> **Given data**
_____

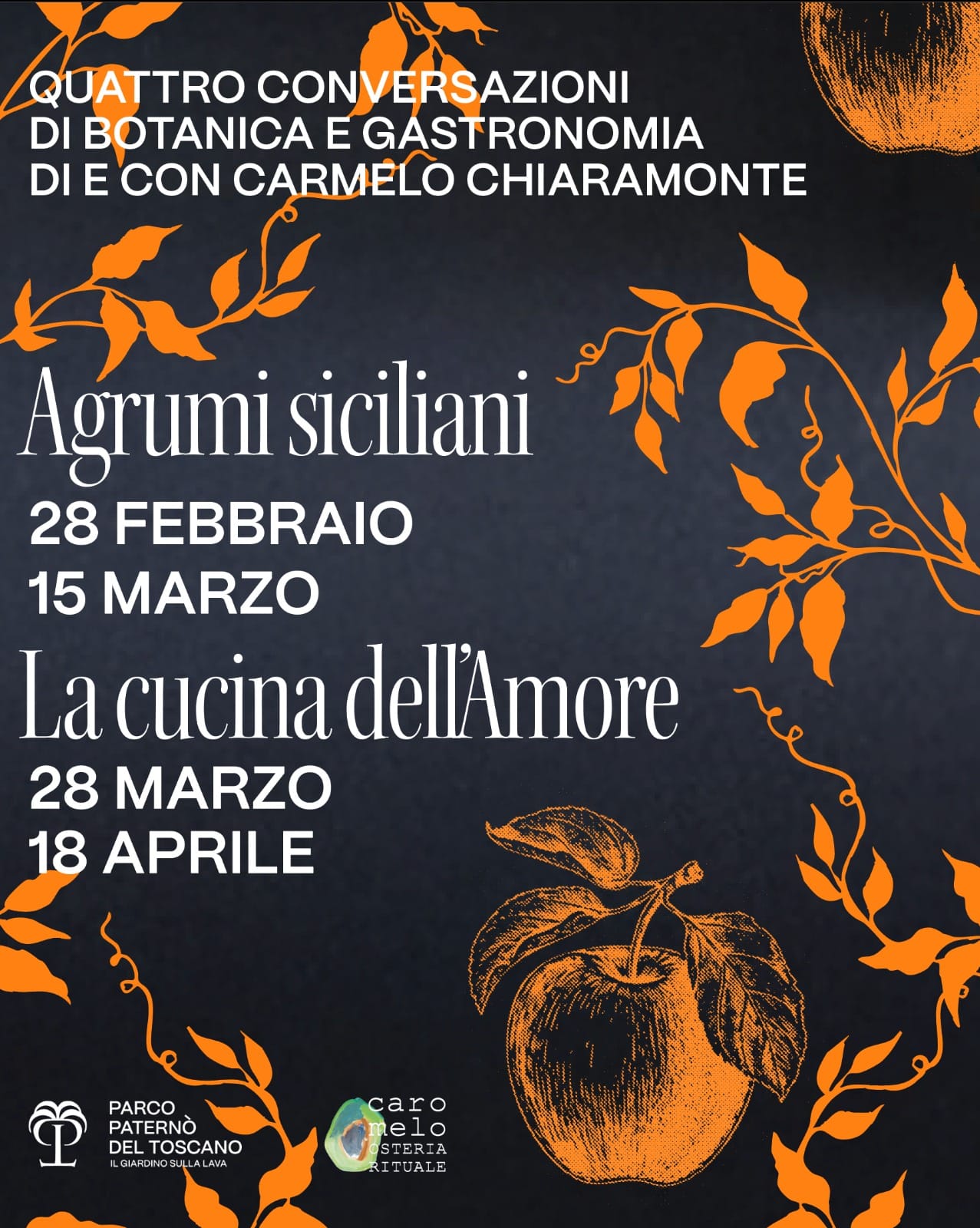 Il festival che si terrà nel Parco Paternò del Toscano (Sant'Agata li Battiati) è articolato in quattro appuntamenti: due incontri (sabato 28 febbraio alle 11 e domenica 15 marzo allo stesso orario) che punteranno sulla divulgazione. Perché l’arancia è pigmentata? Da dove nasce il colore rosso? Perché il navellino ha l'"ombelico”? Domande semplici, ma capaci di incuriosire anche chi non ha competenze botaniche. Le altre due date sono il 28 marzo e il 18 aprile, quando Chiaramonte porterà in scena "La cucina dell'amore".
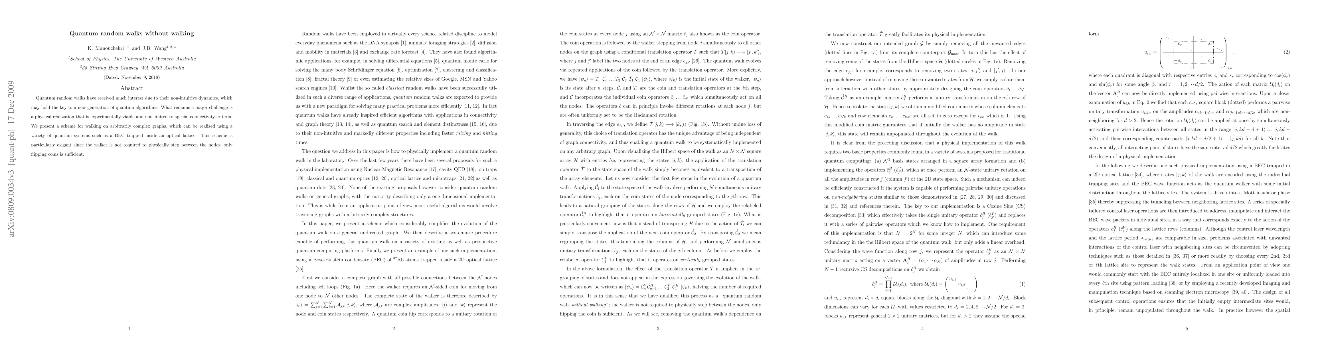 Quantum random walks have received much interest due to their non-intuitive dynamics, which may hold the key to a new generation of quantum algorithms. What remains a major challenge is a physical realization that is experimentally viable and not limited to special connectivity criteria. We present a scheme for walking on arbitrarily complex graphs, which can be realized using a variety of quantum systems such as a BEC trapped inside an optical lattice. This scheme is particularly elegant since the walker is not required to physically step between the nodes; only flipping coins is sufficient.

_____

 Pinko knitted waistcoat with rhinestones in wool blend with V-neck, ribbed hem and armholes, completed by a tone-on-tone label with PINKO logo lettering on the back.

_____

> **How to complete this task**
Copy only what runs above from the line containing "Il festival che" through the line containing "Quantum random walks", exactly. Leave out the pictures.

> **Response box**
 Il festival che si terrà nel Parco Paternò del Toscano (Sant'Agata li Battiati) è articolato in quattro appuntamenti: due incontri (sabato 28 febbraio alle 11 e domenica 15 marzo allo stesso orario) che punteranno sulla divulgazione. Perché l’arancia è pigmentata? Da dove nasce il colore rosso? Perché il navellino ha l'"ombelico”? Domande semplici, ma capaci di incuriosire anche chi non ha competenze botaniche. Le altre due date sono il 28 marzo e il 18 aprile, quando Chiaramonte porterà in scena "La cucina dell'amore".
 Quantum random walks have received much interest due to their non-intuitive dynamics, which may hold the key to a new generation of quantum algorithms. What remains a major challenge is a physical realization that is experimentally viable and not limited to special connectivity criteria. We present a scheme for walking on arbitrarily complex graphs, which can be realized using a variety of quantum systems such as a BEC trapped inside an optical lattice. This scheme is particularly elegant since the walker is not required to physically step between the nodes; only flipping coins is sufficient.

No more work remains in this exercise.